Before I can process the emotions and thoughts running through my head, I am on my feet and over at their table. Without hesitation, I grab the girl from the pier and swing her around towards me. God she’s gorgeous. I falter slightly as I take her in. Wide blue eyes, startled expression, flushed cheeks … Damnit! I’m in more trouble than I thought!
Wondering what the hell I was thinking, and what I’m about to do next, I pause and swallow hard as I manage to say, “Hey, there you are! I’ve been looking all over for you …” Without another thought, I pull her into me, kissing her senseless. I grab her tightly around her slender waist, feeling her crash into me and knowing I will never recover. From her. From this. She’s priceless!
As my lips crush hers, I suddenly collapse into the magnetic force between the two of us that even she can’t deny. I’ve never felt anything like it. Our connection is undeniable, hitting straight to my core. The spark is consuming, robbing every bit of me. I surrender to her, wanting to never return from wherever she can take me.
She never pulls away, and I hope that’s a good sign as I unintentionally deepen our kis
s. Too passionate and familiar to be a first as I feel her fall into me effortlessly, like this isn’t the first time I have tasted her. Too fueled with desire for a person I don’t even know, and I have to stop myself from taking it further and stealing her away somewhere just to be able to take more of her.

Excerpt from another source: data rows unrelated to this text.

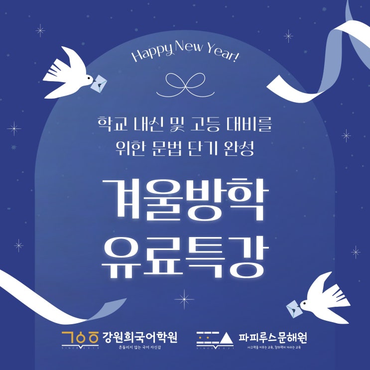 안녕하세요, 동탄 NO.1 "17년간의 신뢰, 약속된 미래" 최고의 수업 + 따뜻한관리❤️ 흔들리지 않는 국어자신감, 수능국어·내신국어의 절대 강자 강원희국어학원X파피루스문해원입니다. 2026년 겨울방학, 강원희국어학원에서 우리 학생들의 국어 실력을 확실하게 끌어올릴 겨울방학 특강을 준비했습니다! 겨울방학 유료 특강 안내 학교 내신 및 고등 대비를 위한 문법 단기 완성!! 겨울방학 동안 국어 문법을 체계적으로 정리하고 중등 내신부터 고등 과정까지 탄탄하게 대비할 수 있는 겨울방학 유료 특강이 진행됩니다. 이번 특강은 예비중1·예비중2·예비중3 학생들을 대상으로 학년별 필수 문법 내용을 핵심 위주로 정리하....... <img src="https://blogthumb.pstatic.net/MjAyNTEyMjZfMjI1/MDAxNzY2NzEwNjQ1NzM4.5WduQyybA0dYJBIG9_EFHkja4hEfhOdJNIMguK-CJmQg.lC8ARQZRBJmI3rlghBtJ3yGComipHYH0zzHG-GhQHX4g.JPEG/1.jpg?type=s3" />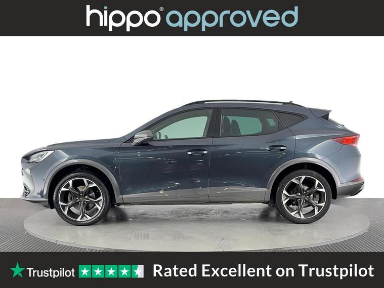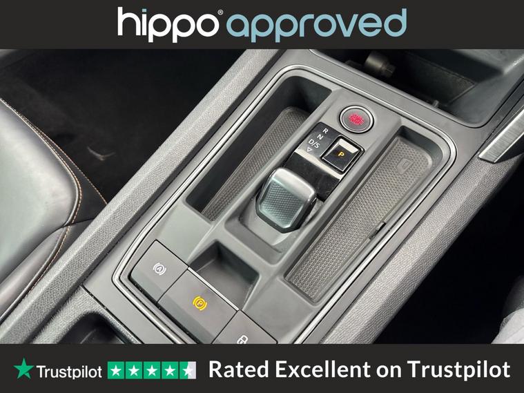 Hippo Approved is known for a wide selection of vehicles suited for various needs and budgets. Each car undergoes a rigorous 130-point quality and safety inspection at our state-of-the-art 3 million preparation centre, ensuring your peace of mind. Additionally, we offer tailored finance packages for personal and business use, making it easy to acquire your ideal car. Introducing the CUPRA Formentor 1.5 TSI V2 SUV, a dynamic choice for those in search of style and performance. With a mileage of 31, 650 miles and a service history of two services, the last at 31, 000 miles, this vehicle is in excellent condition. The Euro 6 compliant petrol engine offers an impressive 150 PS, delivering a balance of power and efficiency. The DSG gearbox provides smooth driving dynamics and enhances the overall driving experience. This Formentor is equipped with striking 19-inch Alloy Wheels in Exclusive Machined Sport design, featuring a sophisticated combination of matt black and silver. Enjoy ease of navigation with the built-in Navigation System, while the Rear View Camera and Park Assist, complete with front and rear sensors, make parking a breeze. This CUPRA Formentor combines practicality with a sporty edge, making it a superb option for your motoring needs.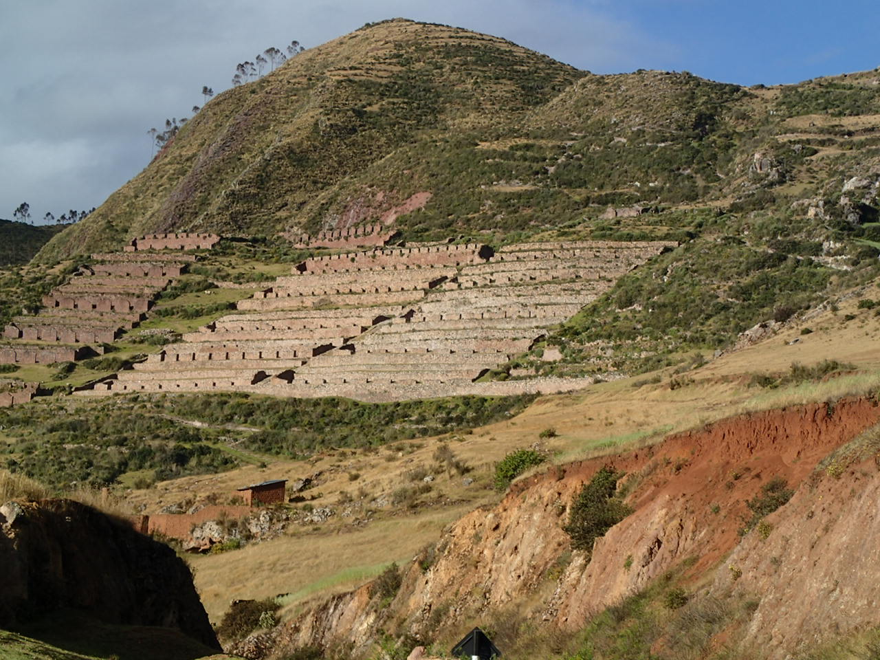 The Incas developed large storage areas with windows for ventilation. The people would bring new agricultural items there once a year and they would be returned to the people during times of poor production. Dehydrated potatoes, for example, could be kept in these storage areas for 10 to 20 years. We were shown some dehydrated potatoes and they looked and felt like stones.

Holy hell, this girl tastes like heaven. Sweet as hell and in every perfect way breathtaking. I can taste her drink on her tongue, and it makes me crave her. It makes me need her even more. Pushing a little further and not letting up, I am surprised to feel her grip tighten around my arm, and I swear she kisses me back. She presses into me instinctively like she doesn’t want to pull away. Either that or my head is more screwed-up than I thought.

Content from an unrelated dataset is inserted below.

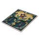 Jugendstil-Keramik-Fliesen mit einer kleinen lila Blume in der Mitte, gelbe Blätter und gelbe Details, dunkelgrüner Hintergrund, lila Buden Ohrringe und blumengeschmückte Wirbel.

When I can finally force myself to break free from the surprising ecstasy just created between the two of us, I am once again drowning in the most beautiful pair of blue eyes. A pair of blue eyes that are most certainly looking at me now like a deer in headlights, completely shocked, stunned, and wanting an explanation. Maybe I should start counting the seconds before her alluring eyes regain their sanity and tell her the smart thing to do is to slap me in the face.
Time to think quickly. I grab her arm and pull her to my side then shoot my hand out to the jerk from a few minutes earlier who was trying to get way further than the first base I just scored.
“Hey, thanks for keeping my girl busy,” I start off, glancing back at the girl from the pier. God help me! Just looking into her eyes is the most thrilling thing I have ever experienced. Her lips are now swollen from our kiss, eyes still wide in astonishment. I’m amazed when I can even find the words to continue. Looking back at the man in front of us, I say, “I guess you succeeded in showing her what kind of scum hangs out in local bars and taught me never to leave her waiting!”
My hand is still extended towards him, and I’m not the slightest bit surprised that he never takes it. I look back at the girl standing next to me, and she still hasn’t taken her eyes off me. The silence thickens. My throat goes dry as I try to find the right words to say. At any moment this could turn bad. I’m either the smartest guy in the world or the stupidest. And I’m about to find out.